NEW YORK — It begins with a kiss, albeit one we don't see.

Simon Stephens' Heisenberg (*** out of four stars) opens in a London train station, right after Georgie, a woman in her early 40s, has planted her lips on the back of a strange man's neck. His name is Alex, and he's more than 30 years her senior. In the world-premiere production — which opened off-Broadway Wednesday at Manhattan Theatre Club's New York City Center — he's played by stage-and-screen vet Denis Arndt.

Georgie is played by the enduringly lovely Mary-Louise Parker. "It's fine," Alex assures her, post-smooch, as any fellow in his position might. "It's not," Georgie responds, and proceeds to make her case by peppering him with questions and observations, some of them quite rude.
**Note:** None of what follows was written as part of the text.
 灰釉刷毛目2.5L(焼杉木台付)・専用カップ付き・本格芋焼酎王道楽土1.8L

Alex is put off but clearly intrigued, though it's Georgie who makes the next move. She admits, early on, to having lied to him about a few key details in telling her own story. But it becomes clear that her desperation is real — even after she has willed her way into Alex's life and tested the limits of his compassion.

Stephens, a two-time Olivier Award winner and current Tony nominee for The Curious Incident of the Dog In the Night-Time, doesn't judge either character. His dialogue in Heisenberg (which includes no mention of the German physicist seemingly referenced in the title) reveals two lonely people still trying to resolve old conflicts as they confront the new riddles posed by one another.
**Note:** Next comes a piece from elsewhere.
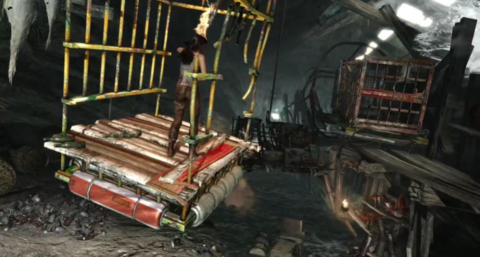 挣脱束缚后,劳拉需在洞穴中寻找出路。沿途可拾取左手边的火炬作为光源和工具,火炬能点燃障碍物开辟路径。遇到被货物堵塞的通道时,长按互动键点燃货物烧出一条生路。穿过缝隙后启动生存本能(键盘Q键/手柄对应按键)高亮显示可交互物体,利用环境中的火盆重新点燃被水淋湿的火炬。攀爬至木架顶部点燃悬挂的布条,火势蔓延至对面引爆油桶炸开通道。

Both have moved to London from other places: Alex is from Ireland, Georgie from New Jersey. They have suffered different kinds of loss and alienation, but their need to connect is a shared one, and Stephens takes a forgiving, ultimately uplifting view of their stumbles and their progress.

The small, spare production, directed with wit and grace by Mark Brokaw, keeps both actors intensely in focus throughout. As she has done with other alluringly offbeat characters, Parker makes Georgie both seductive and irritating. If her delivery can at times border on the shrill, she is entirely credible as a well-preserved American woman of a certain generation.

Arndt's performance complements hers beautifully. His Alex is in ways just as mysterious as Georgie, a man whose strength and longing can sneak up on us as he's drawn out of his shell. "More often than not I just end up being disappointed with other people," he tells Georgie, but Arndt makes his yearning achingly palpable.

Georgie emerges with her own doubts. "I missed the point about everything," she says, near the end of the play. But she still has the rest of her life to figure things out, and so, Heisenberg reminds us, do we.